(Entries provided Opens)
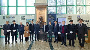 (김해=국제뉴스) 황재윤 기자 = 인제대는 2일 본관 1층 로비에서 백병원을 설립하며 오늘날 인제학원의 기틀을 마련한 백인제 박사 흉상 제막식을 개최하고, 백 박사의 인술제세(仁術
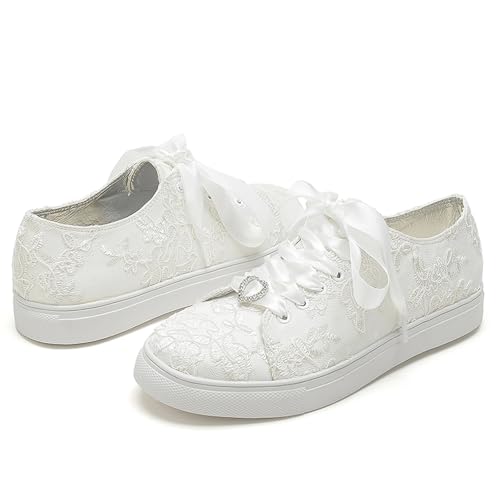 • [Style]:Lace wedding tennis shoes, lace-up closure for a secure fit, high quality made, elegant appearance, wedding sneakers are perfect for brides who want to add personality and fun to their wedding attire.These wedding shoes are gorgeous, stylish, and super comfortable, will match your many style dresses
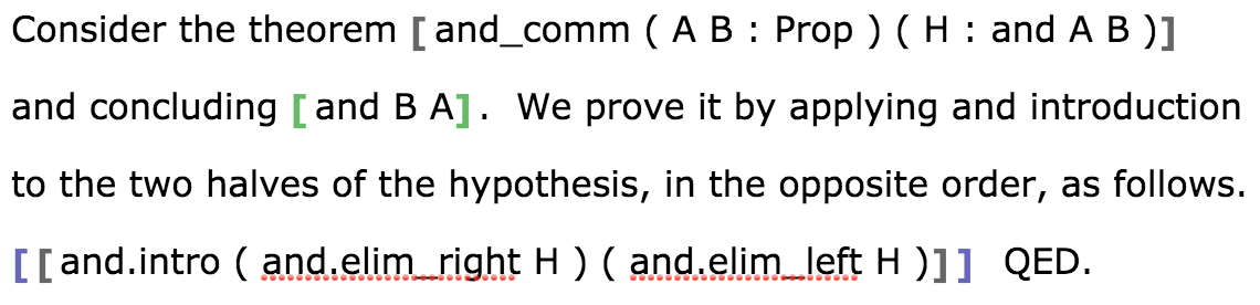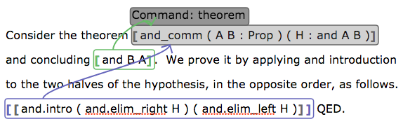 The definition and proof shown above are both very short. If they were longer, there would be very large, indivisible term bubbles in the document, which cannot contain prose comments. Let's see how to fix that.
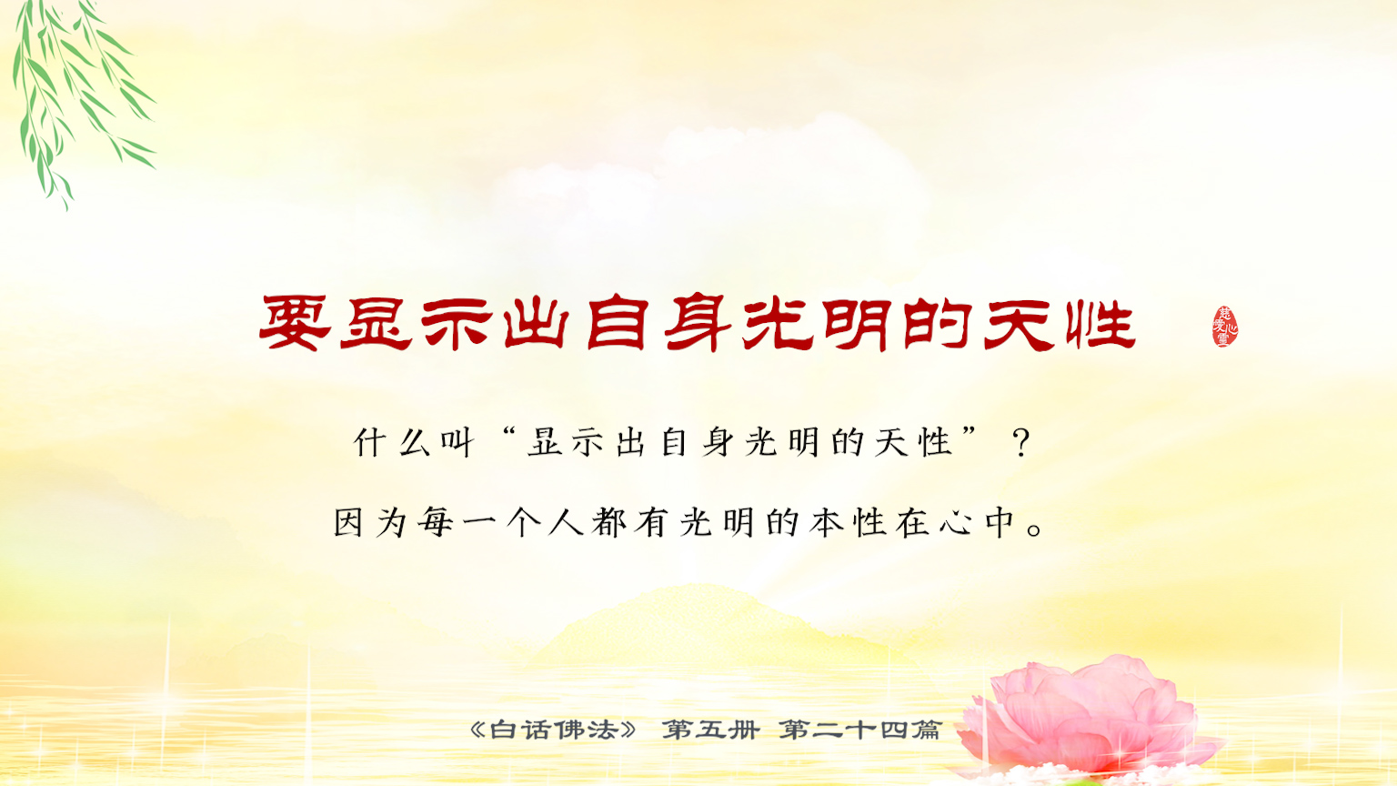 要显示出自身光明的天性。什么叫“显示出自身光明的天性”?因为每一个人都有光明的本性在心中。
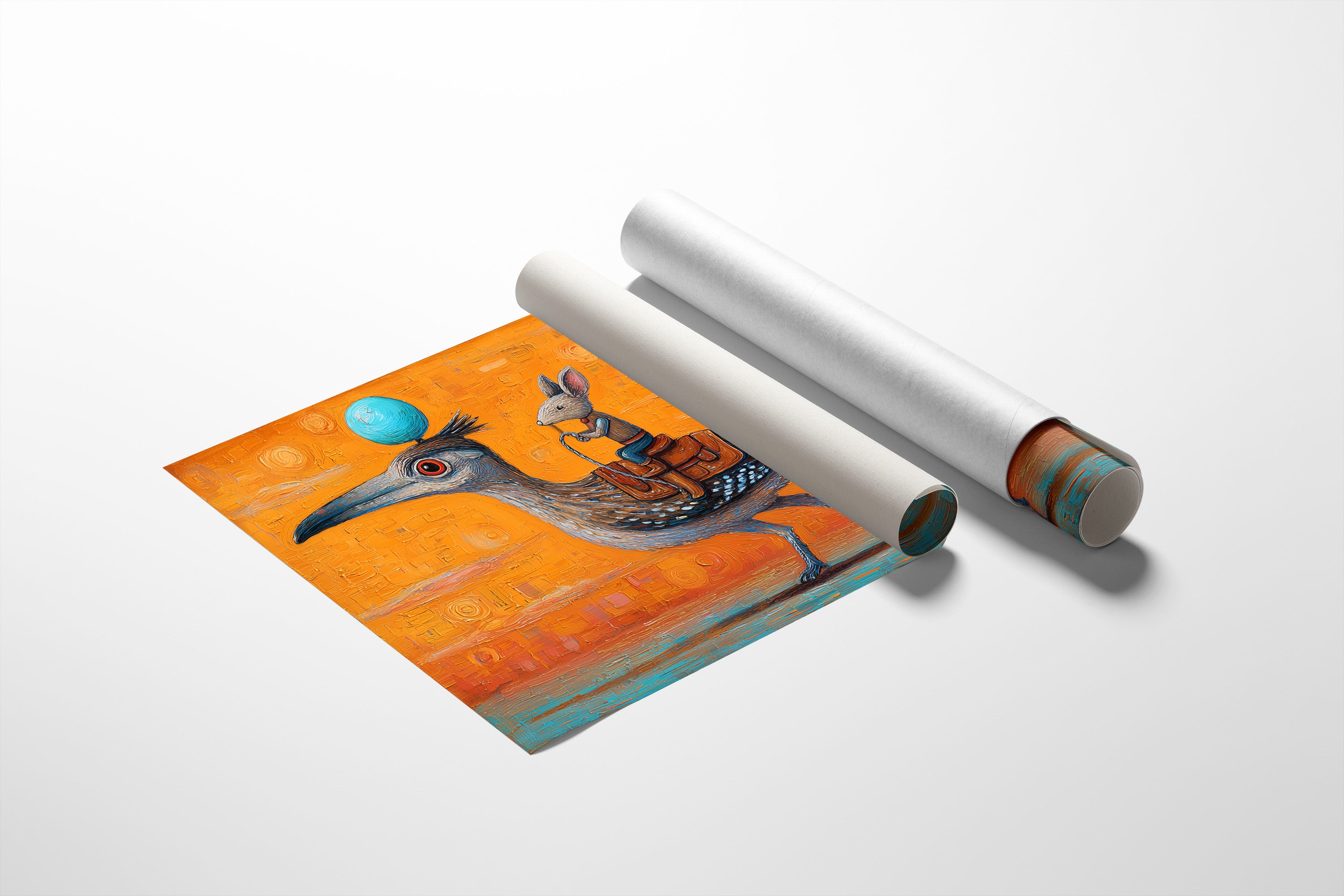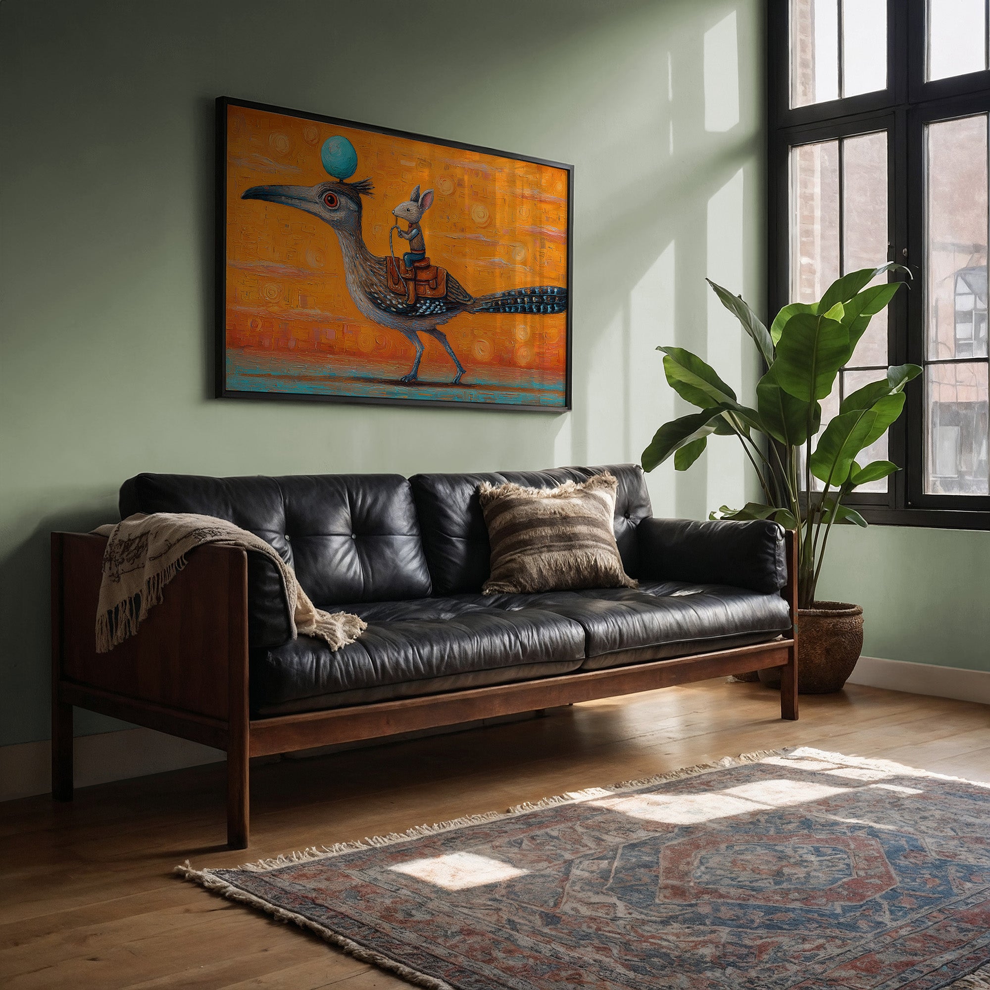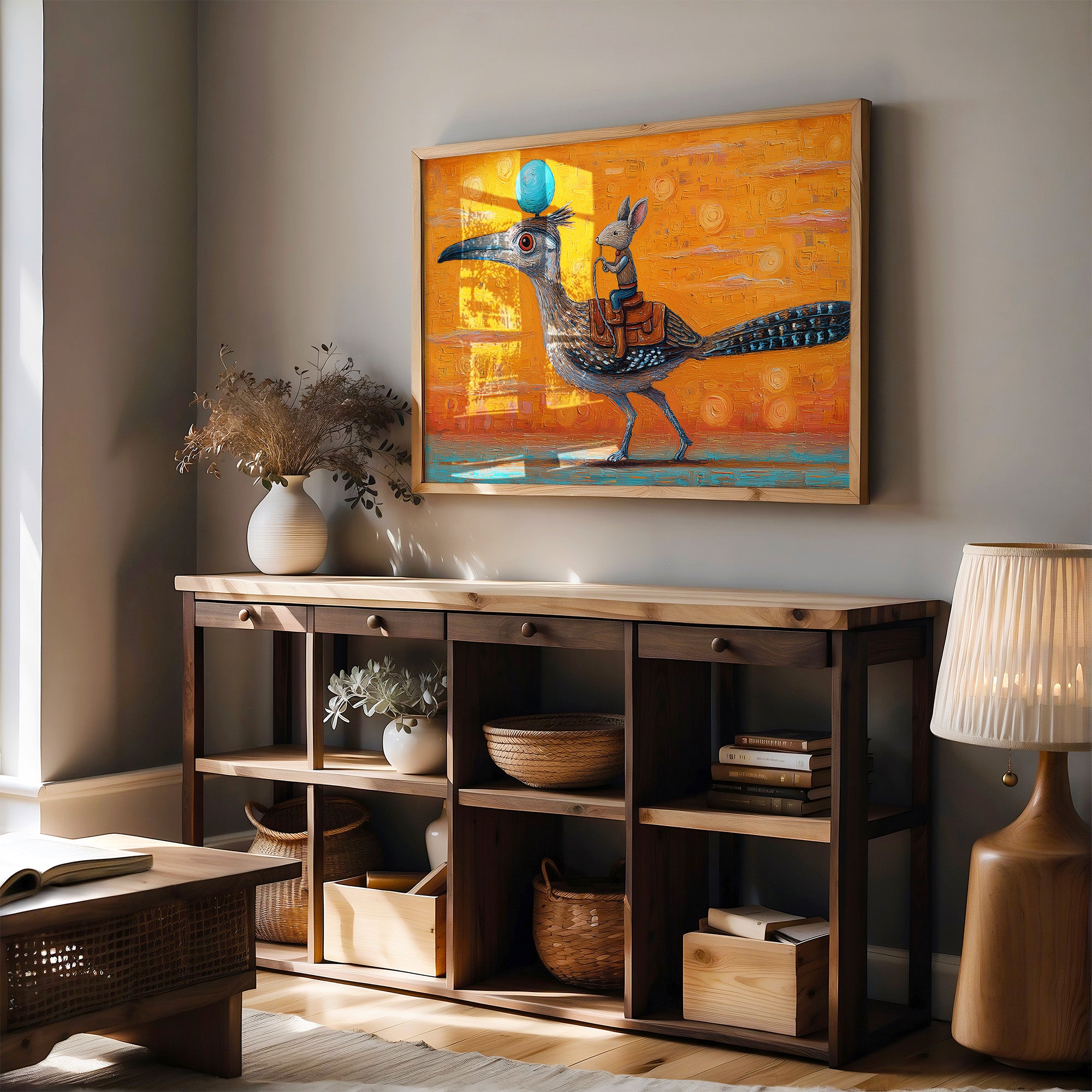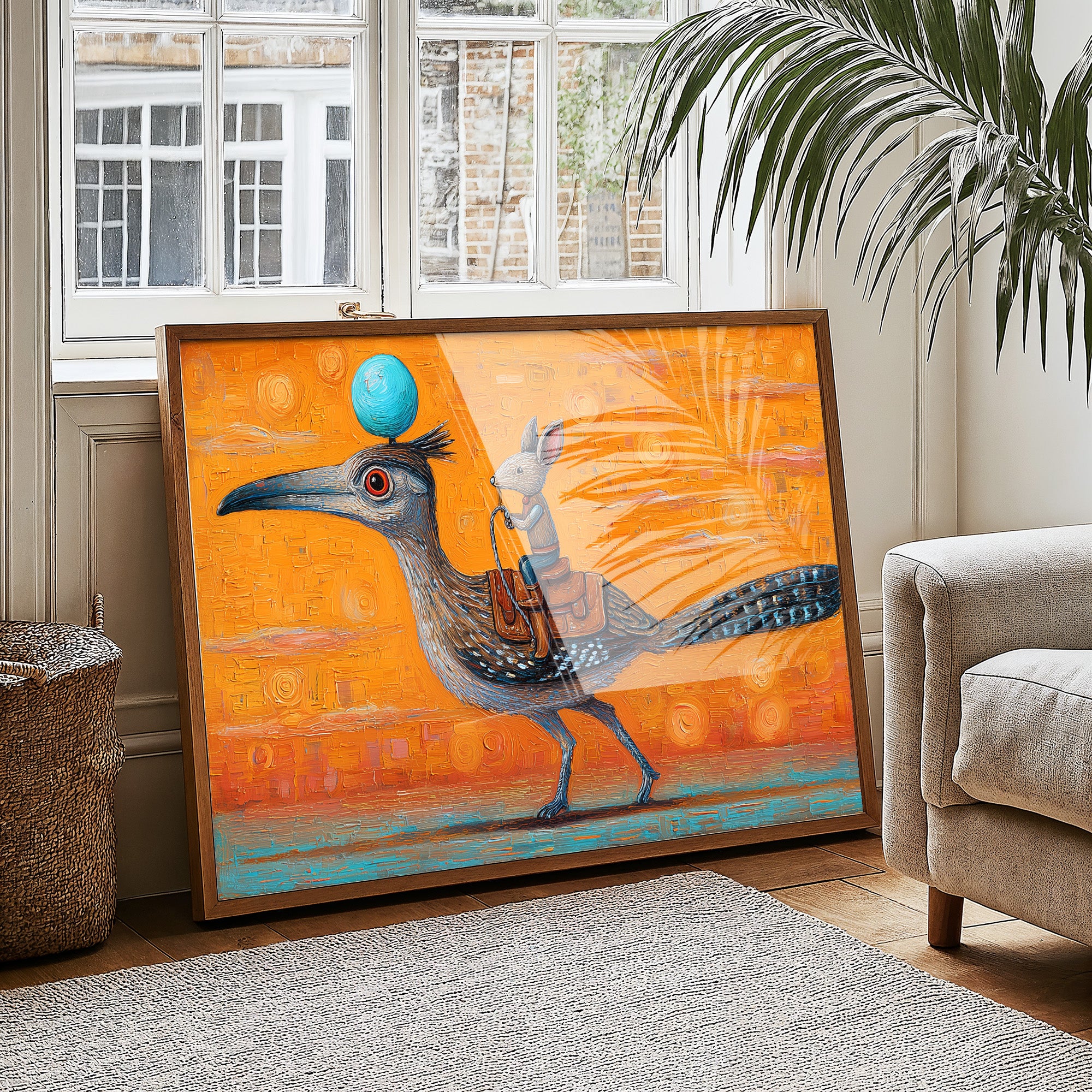 Beneath a blazing orange sky, a fearless jackrabbit cowboy grips the reins atop a swift roadrunner, racing across a dreamlike desert washed in bold texture and electric color. Whimsical and wildly imaginative, this surreal western scene blends folk art charm with modern graphic punch, creating a playful statement full of motion and character. Perfect for creative studios, kids’ rooms, game spaces, or any wall that thrives on color, humor, and storytelling.
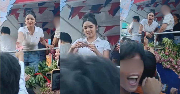 A viral video captured the moment when Andrea accepted the card from a male fan. Upon realizing what it was, she reacted with visible shock, threw the card back while laughing and playfully scolded the fan.
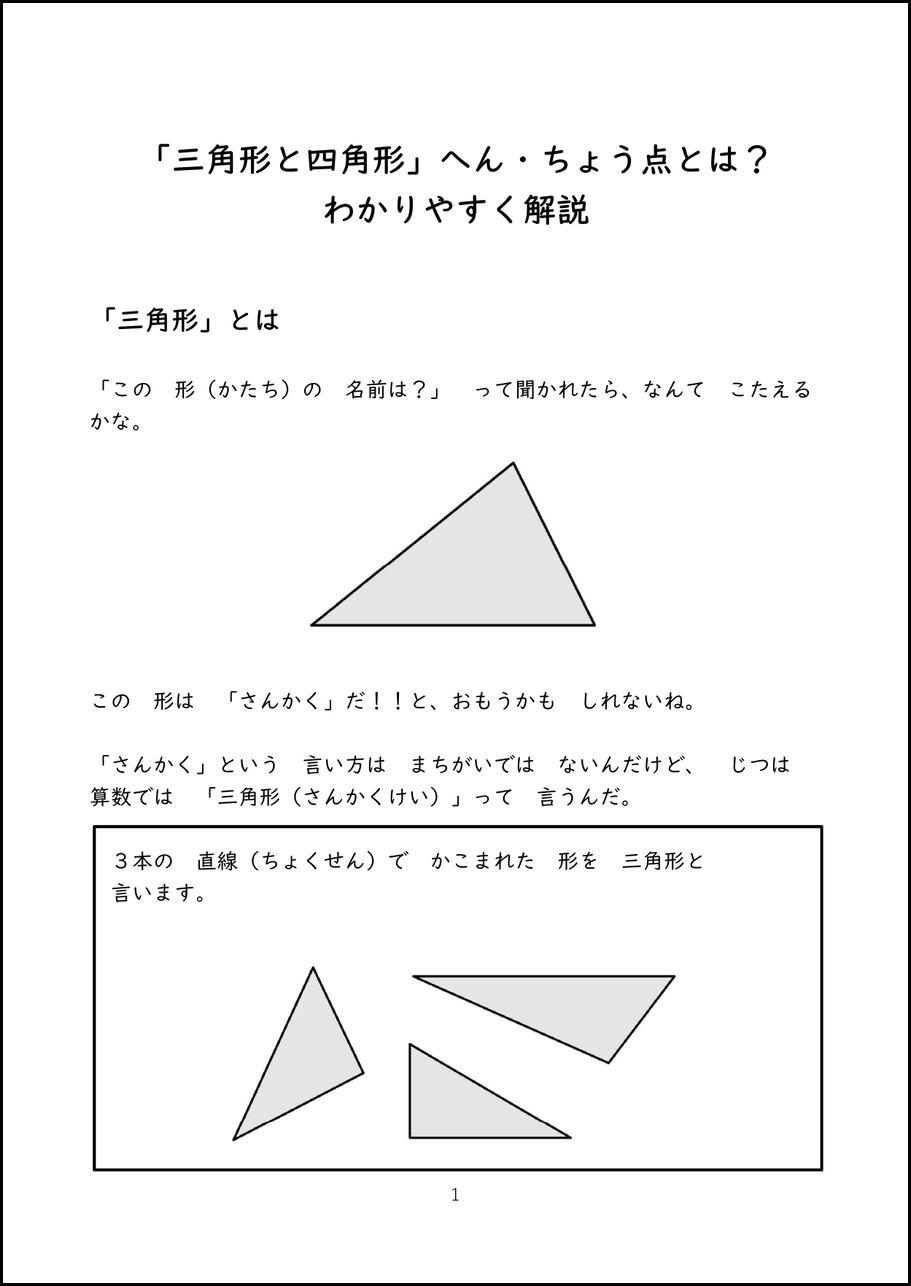小学2年生の算数で学習する、「三角形と四角形」について、わかりやすく解説しているオリジナルプリントのデータです。
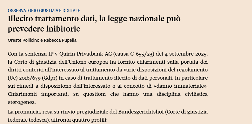 Con la sentenza IP v Quirin Privatbank AG (causa C-655/23) del 4 settembre 2025, la Corte di giustizia dell’Unione europea ha fornito chiarimenti sulla portata dei diritti conferiti all’interessato al trattamento da varie disposizioni del regolamento (Ue) 2016/679 (Gdpr) in caso di trattamento illecito di dati personali. In particolare sui rimedi a disposizione dell’interessato e al concetto di «danno immateriale». Chiarimenti importanti, su questioni che hanno una disciplina civilistica eterogenea.
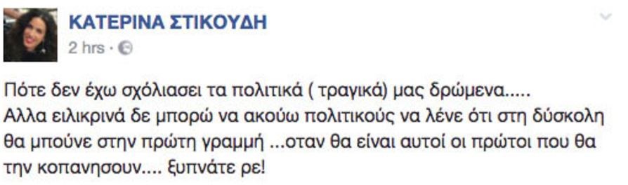 «Πότε δεν έχω σχολιάσει τα πολιτικά ( τραγικά) μας δρώμενα….. Αλλά ειλικρινά δε μπορώ να ακούω πολιτικούς να λένε ότι στη δύσκολη θα μπούνε στην πρώτη γραμμή …όταν θα είναι αυτοί οι πρώτοι που θα την κοπανήσουν…. ξυπνάτε ρε!» έγραψε χαρακτηριστικά η νεαρή τραγουδίστρια.
(Entries provided Closes)
### Task directions
From the records above, transcribe only the stretch from the line with "The definition and" through the line with "要显示出自身光明的天性。什么", keeping both ends. Omit pictures.

### Solution to the problem
 The definition and proof shown above are both very short. If they were longer, there would be very large, indivisible term bubbles in the document, which cannot contain prose comments. Let's see how to fix that.
 要显示出自身光明的天性。什么叫“显示出自身光明的天性”?因为每一个人都有光明的本性在心中。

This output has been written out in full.